## RAW DATA
# # #

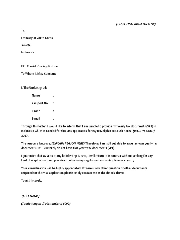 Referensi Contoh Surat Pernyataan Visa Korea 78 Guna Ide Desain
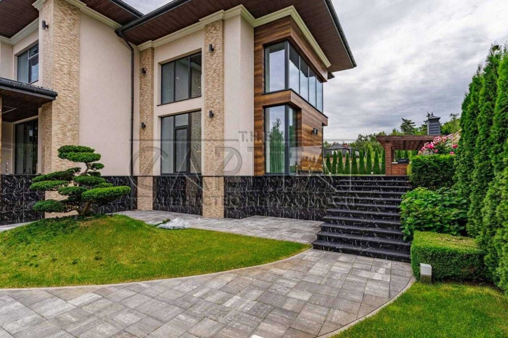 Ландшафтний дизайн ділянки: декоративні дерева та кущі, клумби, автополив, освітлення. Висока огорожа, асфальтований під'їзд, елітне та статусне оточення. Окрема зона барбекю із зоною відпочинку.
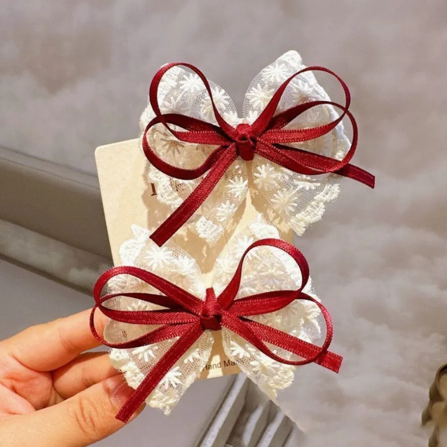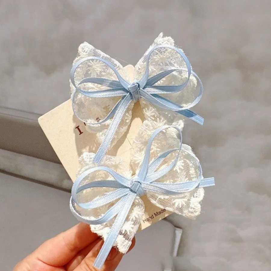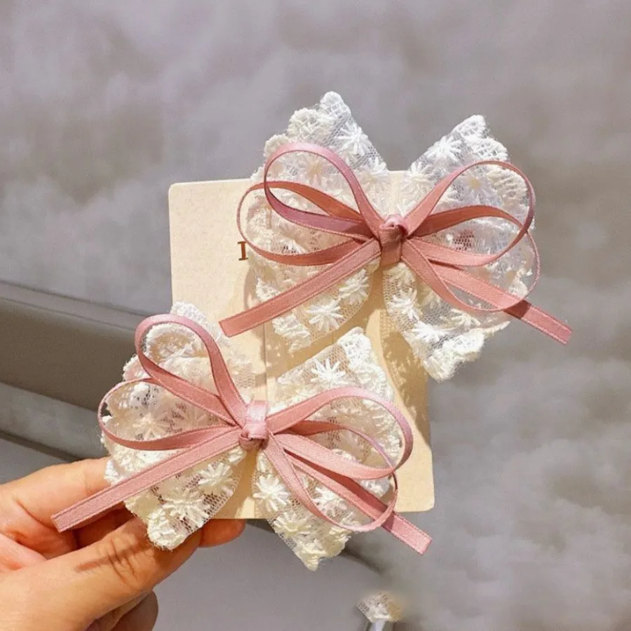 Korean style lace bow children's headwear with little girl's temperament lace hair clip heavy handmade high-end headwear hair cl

# # #

## EXERCISE GOAL
Would you please output the listing above exactly, leaving out the pictures?

## TASK RESPONSE
 Referensi Contoh Surat Pernyataan Visa Korea 78 Guna Ide Desain
 Ландшафтний дизайн ділянки: декоративні дерева та кущі, клумби, автополив, освітлення. Висока огорожа, асфальтований під'їзд, елітне та статусне оточення. Окрема зона барбекю із зоною відпочинку.
 Korean style lace bow children's headwear with little girl's temperament lace hair clip heavy handmade high-end headwear hair cl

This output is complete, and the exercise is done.